“你们一个个武林大派、名门高手,说得好听,到头来尽欺负一个小姑娘,害不害臊!人家都已经说清楚不关她事,你们就凭一块破布、一点线索便胡搅蛮缠。自己的徒弟做过什么心里清楚,你徒弟出身名门冤枉不得,那别人说话就是放屁吗?”
古三通言语粗俗,却一针见血,将白石道人气得脸色铁青。可武当派毕竟是武林名门,许多人等着为它出头辩护。
“放肆!”
又听一声怒喝,竟是昆仑掌门何凌云。
“武当派乃是当今武林名门,岂由得你小子随意羞辱!莫要以为你武功高强,便可肆意妄为!在场武林群豪绝非贪生怕死之辈,你只有一双拳头,又能杀得了几人?”
“哼,说到底,还不是要靠拳头讲道理!正合我意,都说中原七大大门派高手齐聚太湖,可我看也没几个硬茬子!不管什么门派、多少人,有本事就尽管上来,我都奉陪到底!”
“阿弥陀佛……”
古三通如此狂妄,少林寺也看不下去。只见少林寺了介大师上前一步,一声长叹道:
“苦海无边,回头是岸。

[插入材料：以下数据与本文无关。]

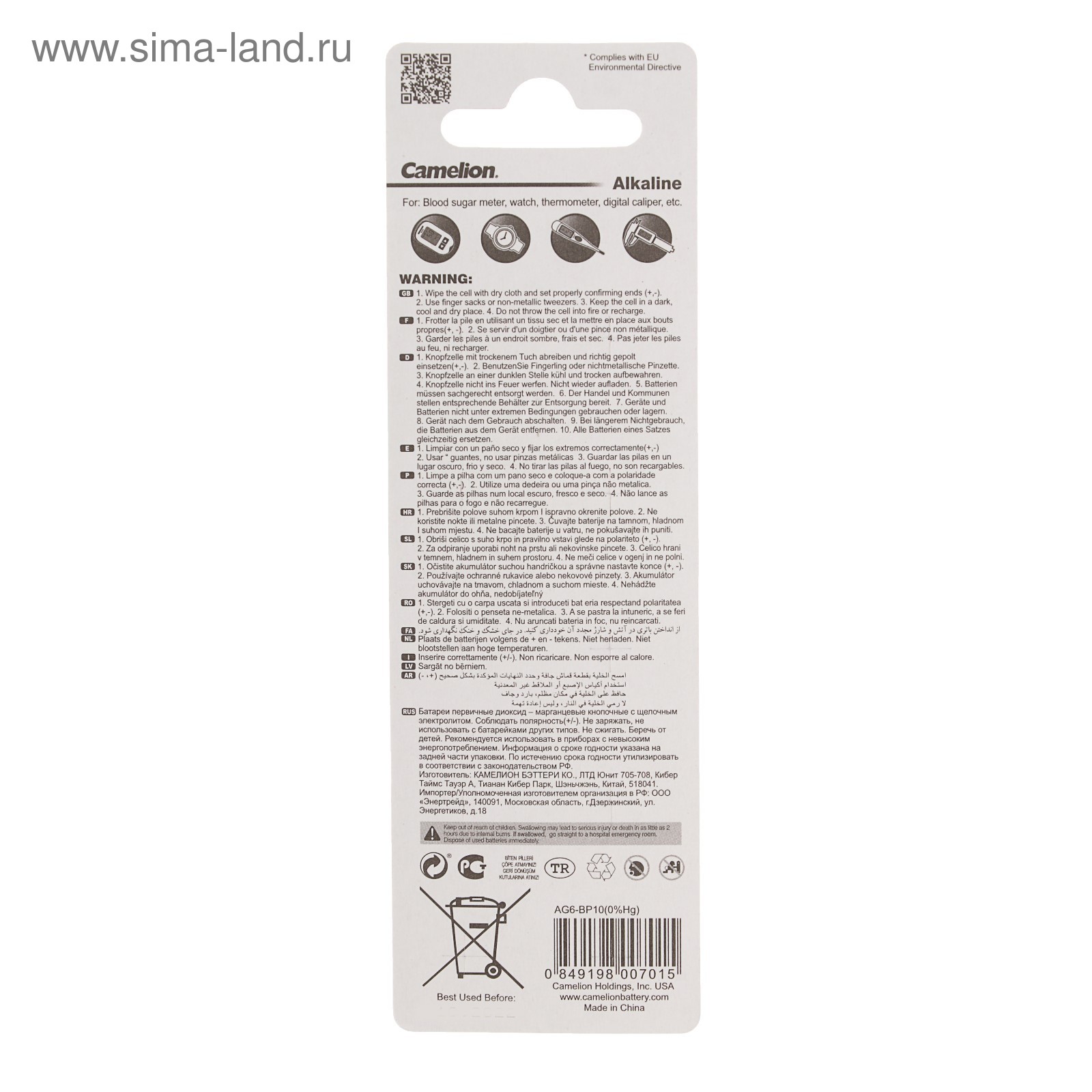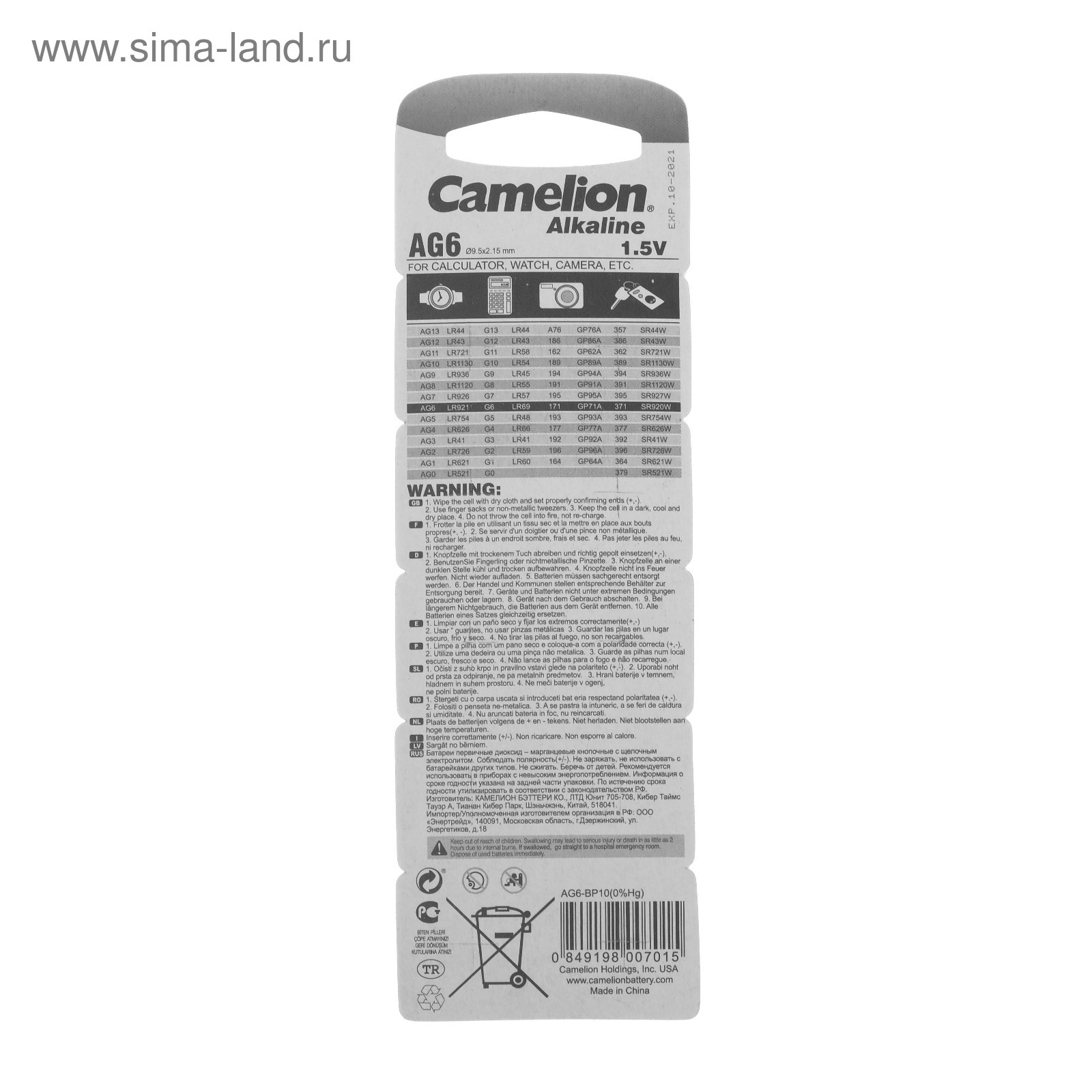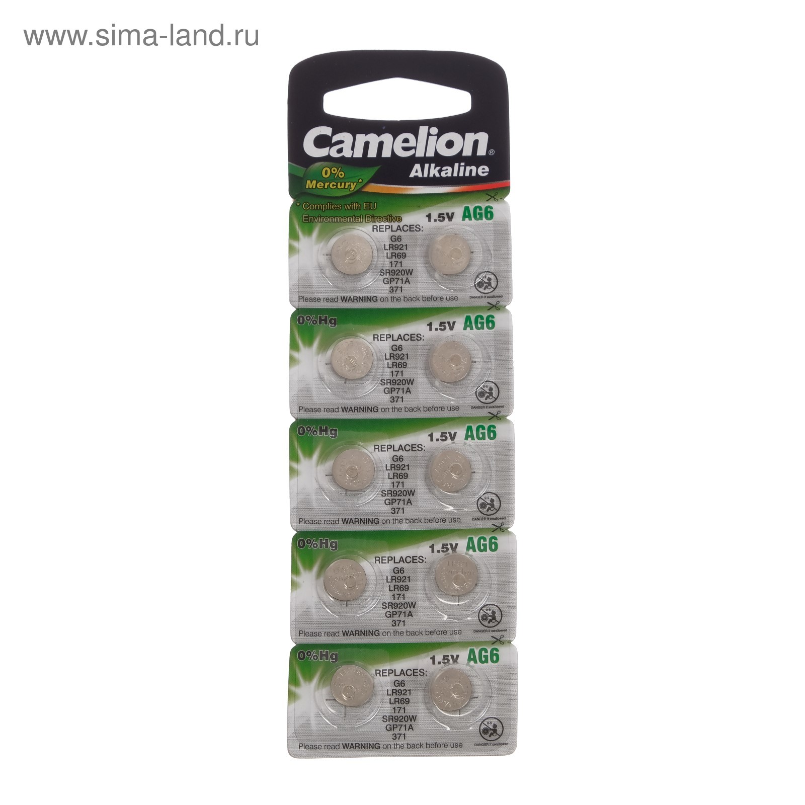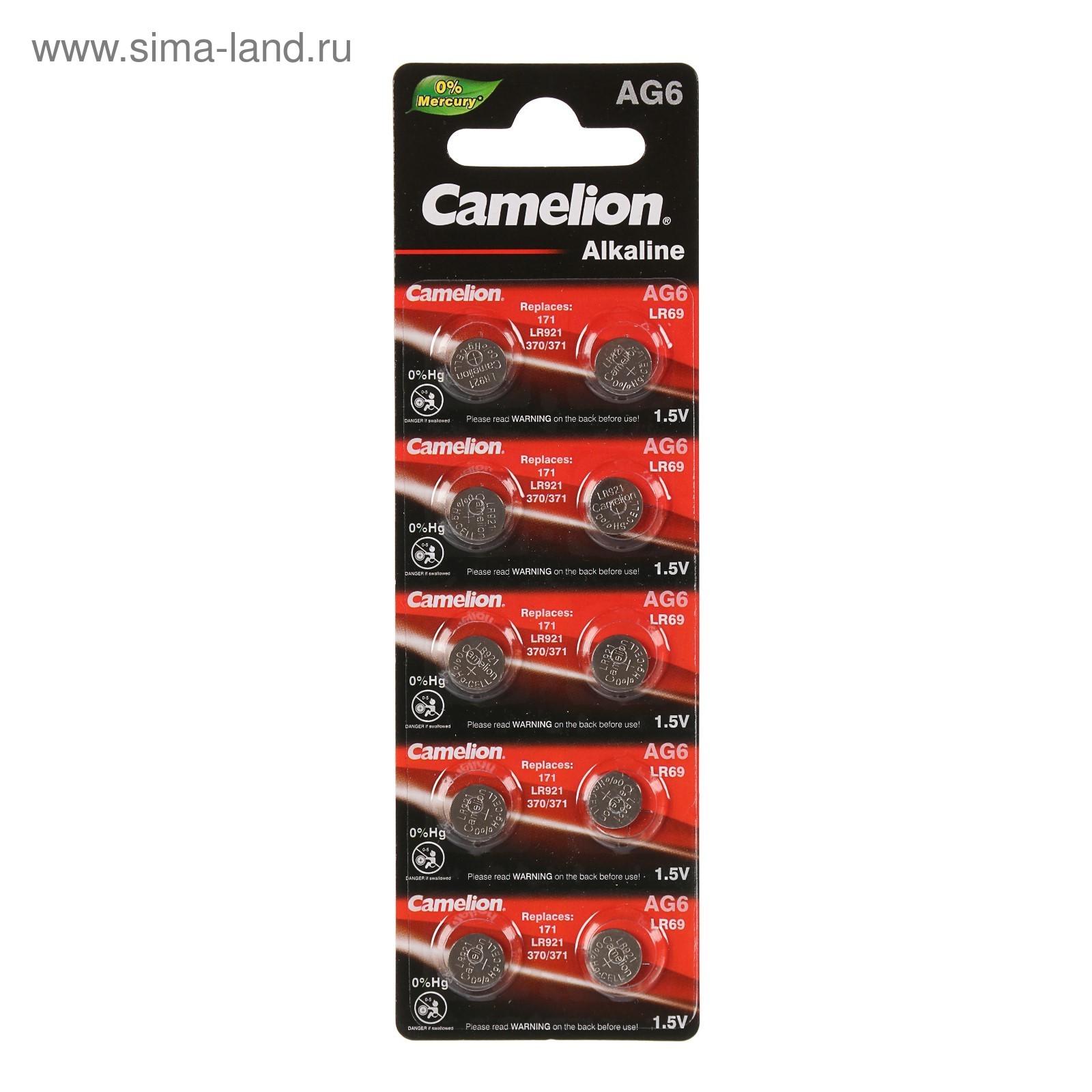 Батарейка алкалиновая camelion mercury free, ag6 (371, lr921)-10bl, 1.5в, блистер, 10 шт.. Кнопочные батарейки классифицируют по высоте, диаметру, напряжению, ёмкости, химическому составу. Перед покупкой посмотрите наименование вашего элемента питания или требования от производителя к прибору и следуйте рекомендациям ниже, чтобы приобрести аналогичную батарейку. Первые две буквы в маркировке обозначают тип элемента. CR — литиевая батарейка, напряжение 3 В. LR — щелочная, 1, 5 В. SR — серебряно-цинковая, 1, 55 В. PR — воздушно-цинковая, 1, 4 В. После букв следуют три или четыре цифры, которые указывают на размеры изделия. Первая часть (одна или две цифры) характеризует диаметр в миллиметрах, а вторая — высоту в 1/10 мм. Значения округляются до целой части. Например: CR2016 — литиевый элемент, диаметр 20 мм, высота 1, 6 мм;LR621 — щелочной, диаметр 6, 8 мм, высота 2, 15 мм. Держите кнопочные батарейки подальше от маленьких детей! parts count: 0 В упаковке, шт.: 10 Вид упаковки: Блистер Типоразмер батареек: AG6 Тип батарейки: Алкалиновая  развернуть описание ▼

古施主虽武功高强,可戾气太重,出言无忌,诳愚众生,已犯妄语之戒,若仍不悔改,他日堕拔舌地狱……”
“少啰嗦,我听不懂!”古三通一挥手打断了介大师,“我都说了,要比试尽管上来,你是少林掌门的弟子,总不至于像那十八罗汉阵一样只是花架子吧!”
一个月前,古三通大破少林十八罗汉阵,江湖皆知,如今又主动提及,等于再打少林寺的脸面,饶是出家人忌怒忌嗔,也总有容忍限度。
“如此,贫僧只能向古施主讨教一二!”
说罢,只见了介大师一甩颈上佛珠,双袖挥展,十指发力成利爪之势,右足腾挪扎马,左足高抬定立,周身俨然如金龙飞腾。
“这就是少林绝技龙爪手吧?”
古三通看似傲睨自若,实则心中不敢懈怠,暗中蓄力于双拳,只是未等出招,又听一声呼喊。
“慢着!”
此声洪亮,内力浑厚,更带有几分豪气。原本围攻众人听闻此声,如潮水般向两侧退去,让出道路,一行人走上前来,正是南教教主花白龙。
了介大师见此,微微怒道:
“贫僧听闻苗人尚武,尚且讲究公平决斗。此乃中原武林之事,就算教主要徇私袒护,此时出手,为免太过心急!”
花白龙自然明白了介大师话中所指,却不动怒,反而微微一笑,恭敬道:
“大师误会了!我这妹子出言不逊,日后自当管教。只是眼下,我却有一个不情之请。”
“你是要维护古三通?”
“不,我是想请大师暂且收手,让我与古少侠先对战一场。”
此话一出,众人皆是疑惑,李世晴也猜不出花白龙究竟是何意图。
“此话何意?”
“大师有所不知。我的祖父、也就是南教始主玉龙仙客与古少侠的师父天池怪侠曾有一战,定下百年之约,相约百年之后由后人精习本门武艺,再战一场。我此次前来中原,正是为了完成约定。如今正好诸位武林前辈皆在,我向古少侠发起挑战,请诸位做个见证。”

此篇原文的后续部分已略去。